With the way the media has been portraying things recently I have been pondering how we view things. For example take birds. We marvel at eagles, we use cuckoos as a herald for spring, and we are superstitious about magpies. Yet each of the birds kills the chicks of other birds but I have only ever heard magpies be condemned for doing it in a big way.

So now we look at one side of a conflict/war/atrocity as a hero and the other side as evil. It can even switch sides if something happens to do that viewpoint. For instance England fought against France for hundreds of years and yet in the First World War many British men died fighting with the French. And then for a brief period France, Germany and Britain were all in the EU together.

I wonder what makes us view things in a certain way?

Yesterday I got upset with someone I was having coffee with. When I took time out to examine the why of how I felt I realised she reminded me of something in my past and it was that wound I was reacting to. I’ve had similar things with projects that come to an end. It hurts more than just a freelancer being insecure about where the next job comes from. But again if I slow down and listen to my heart I realise where that hurt comes from.

So I wonder as we go into the good guy/bad guy, good thing/bad thing way of labeling things we need to slow down, check with our hearts and ask ourselves why we are doing this. Is it to do with the present situation we are in or is it to do with some greater hurt or fear?
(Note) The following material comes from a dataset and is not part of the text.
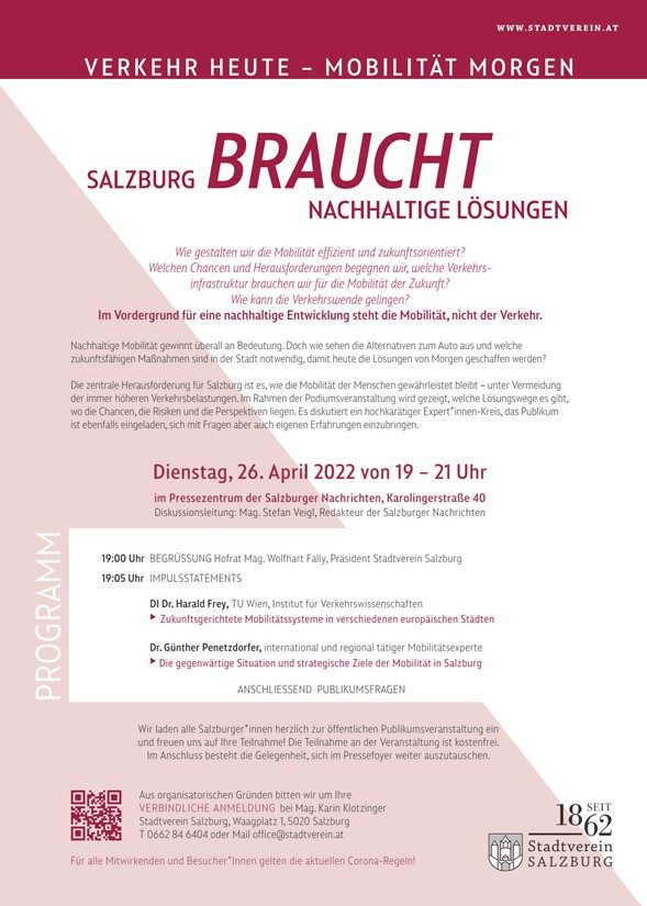 Eine wichtige Veranstaltung mit den Top-Verkehrsexperten DI. Dr. Harald Frey und Dr. Günther Penetzdorfer. Anmeldung bitte bei Mag. Karin Klotzinger, office@stadtverein.at

Hopefully tomorrow I’ll do a blog on my thoughts on why the Bible tells of man eating from the tree of the knowledge of good and evil rather the tree of knowledge because I think this explains something.

So next time you think about labeling something or someone good or bad slow down, listen deeply to your heart – that bit of your heart that doesn’t get heard too often, and see if you can find the real reason. Then give your heart a hug and be kind to yourself for over reacting, as I did yesterday.